Almost 25 years later, I do worse things on a monthly and perhaps weekly basis. Recently, pulling out of a narrow parking spot at the grocery store, I sensed that I was too close to the car beside me, heard the brief grinding of metal on metal, and, without consciously deciding to—really, with just an instinct that I didn’t have time to deal with this, whatever this was—kept driving. Last week, I looked out my living-room window, saw a neighbor I’m not fond of, a woman in her 60s, walking past, noticed that she was wearing a cast on her left arm, and thought, Good. I then scolded myself, but again, that first reaction—it was so sincere. Both of these episodes would have been inconceivable when I was in college. And at this point, my most egregious crimes are probably those I rarely fault myself for: eating shrimp harvested by slave labor, wearing shirts made by children in other countries. As with buying products from Pangaea, I sort of know how such things reach me and sort of don’t. I intend, as I suspect most people do, to be moral, but when in the day am I supposed to research ethical sourcing of coffee grounds, and am I really expected to pay four times as much for them?

Are the Woleys good and bad in the same proportions that I am, but the vastness of their wealth makes the consequences of their choices more dramatic? That Bryan is cold-blooded in his business dealings seems hard to dispute—Pangaea has indeed destroyed not only countless mom-and-pop stores but also large corporations and tiny third-party sellers—and I don’t know if this means that he once was decent and became cruel or that he was always cruel but not cruel to me, because of my proximity to his wife and children. His obsession with pleasing customers is well documented, but does he not realize that surely some of his customers and his employees are the same people? Does he ever lie awake at night and think, How the fuck did I arrive at this point? Is it relevant that, in my bed in Rockford, Illinois, I often lie awake at night and think, How the fuck did I arrive at this point?
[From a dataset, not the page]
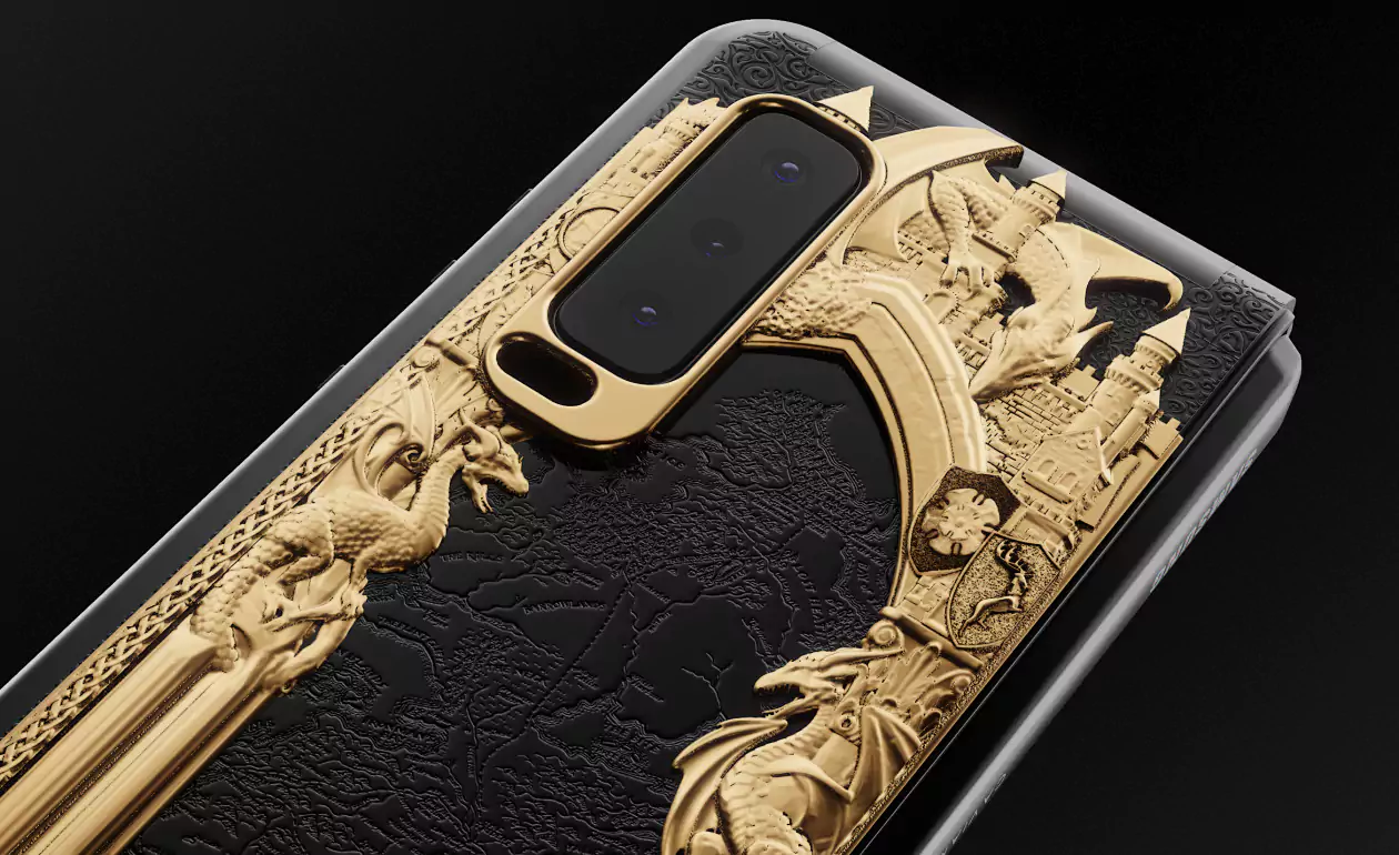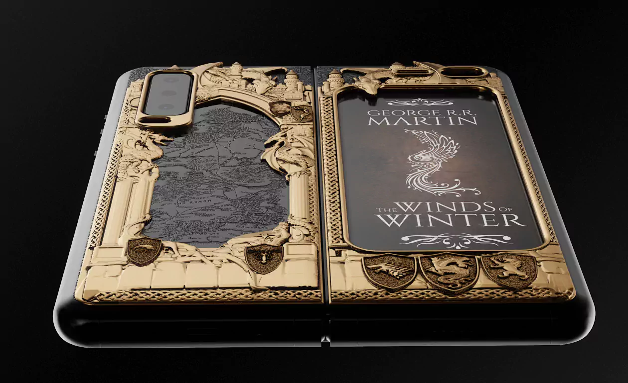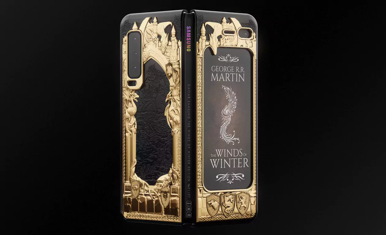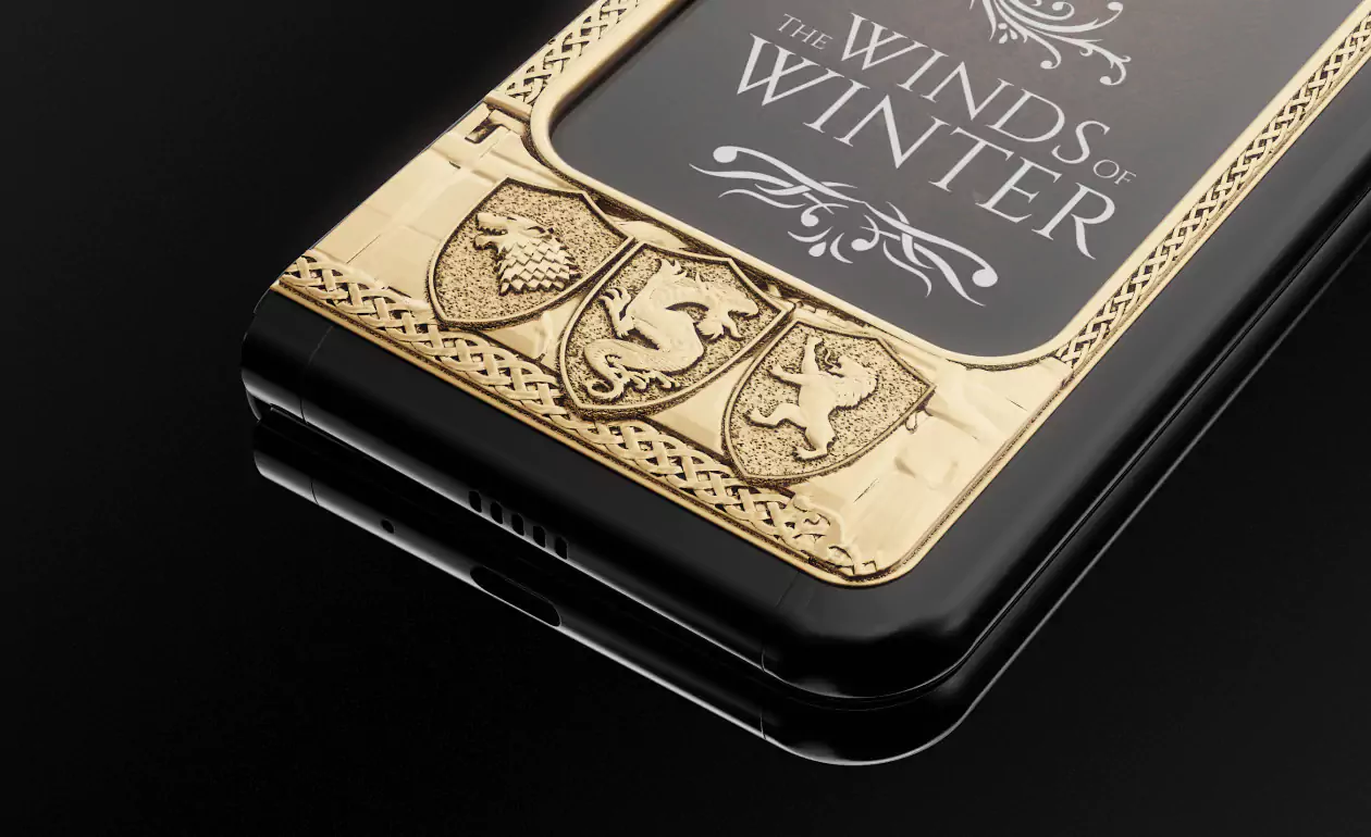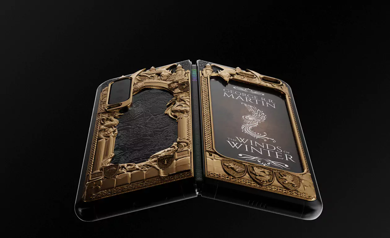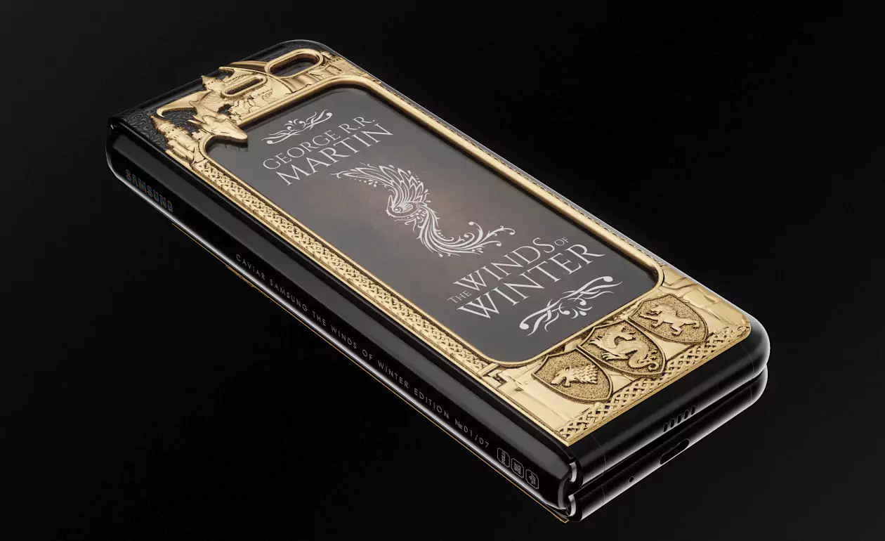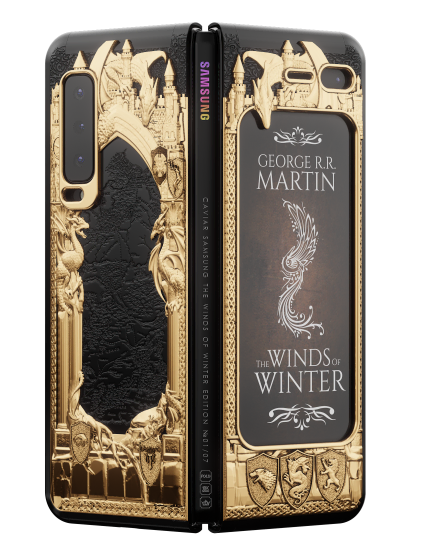 Thinking that the opening format of the smartphone resembles a book, the brand’s designers gave vent to their imagination and turned the body of an extraordinary device into the cover of George Martin’s long-awaited book “The Winds of Winter”.
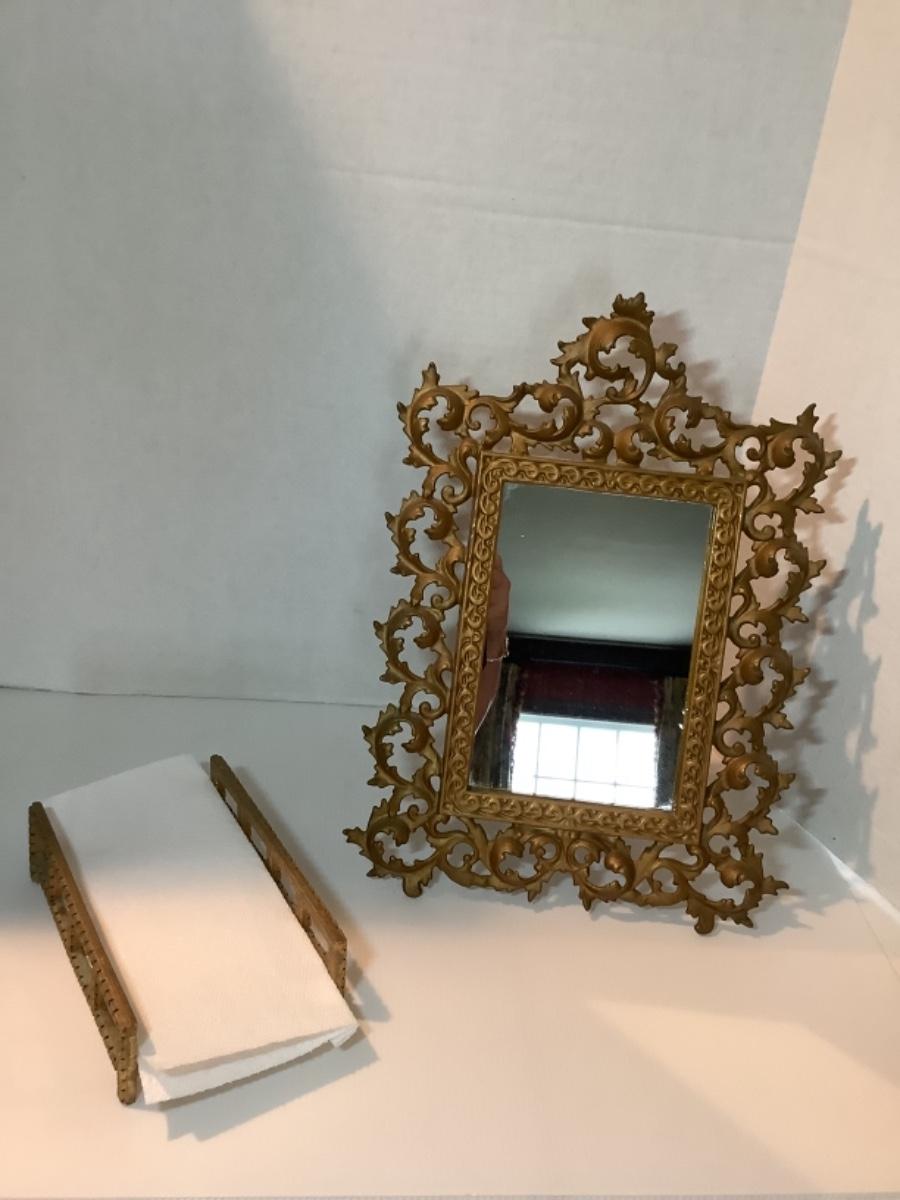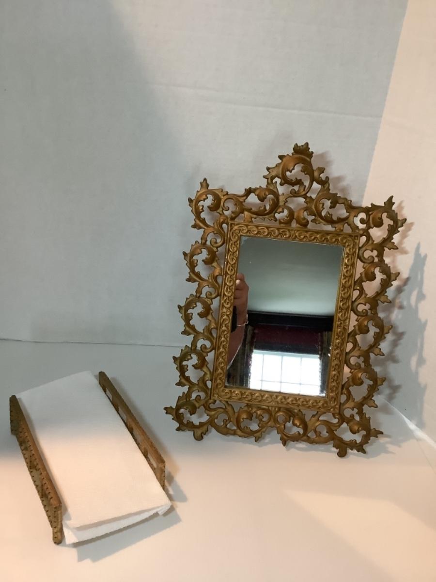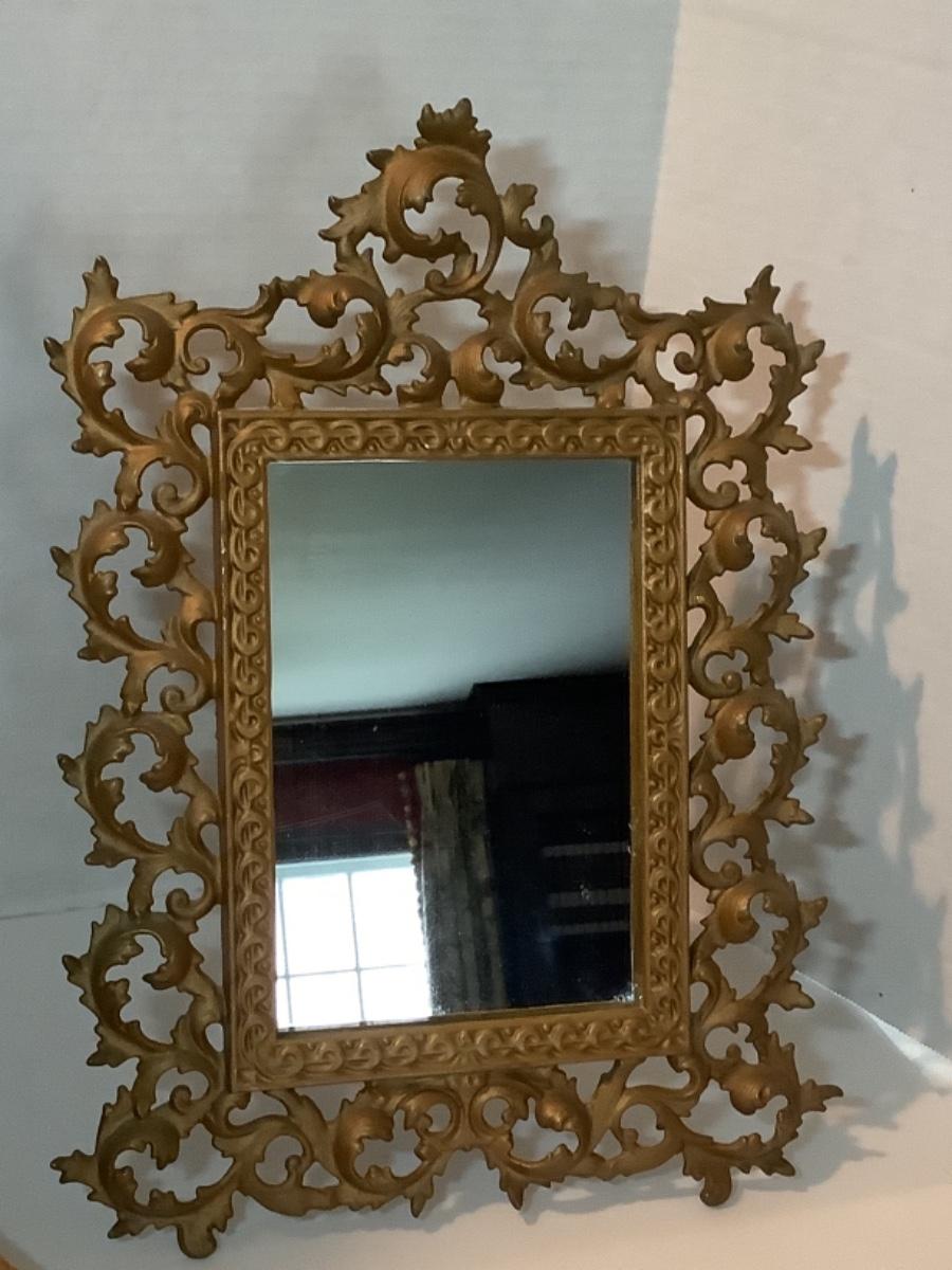 Victorian Gilt Cast Iron Stand up Mirror 12” Wide x 16” High

In the divorce settlement, Diane received $40 billion, which she has been giving away with notable efficiency. I doubt that either Bryan or Sophie remembers me at all, but from time to time, I wonder if Diane does; I suspect that she might, though not vividly. Then I wonder if she’s ever looked me up online, which seems even less likely. When I was their babysitter, I assumed that she’d finished her dissertation by the time she gave birth to Emily, but I later learned, in one of the few-and-far-between magazine features the Woleys cooperated with, that she hadn’t earned her doctorate until 2000. As far as I can tell, she never did anything with the degree, and I have no idea if the immensity of Pangaea, the immensity of being Bryan Woley’s wife, precluded her ability to be anything other than a philanthropist, rendering her own goals ridiculous, almost stunty. Or maybe, at least for a while, she found satisfaction in motherhood, marriage, being the private yin to his outward yang. Or maybe she is other things, and it’s just not visible.

Certainly not everyone who gets a Ph.D. goes on to become a professor, and I don’t know if Diane wanted to or not. In imagining that perhaps she finds her fortune burdensome, I might be letting her off far too easily; it could be that she relishes the power such wealth provides. And yet I cannot help wondering this most of all: if my life of department meetings and strip-mall takeout and a mortgage—my ordinary life—would make her jealous.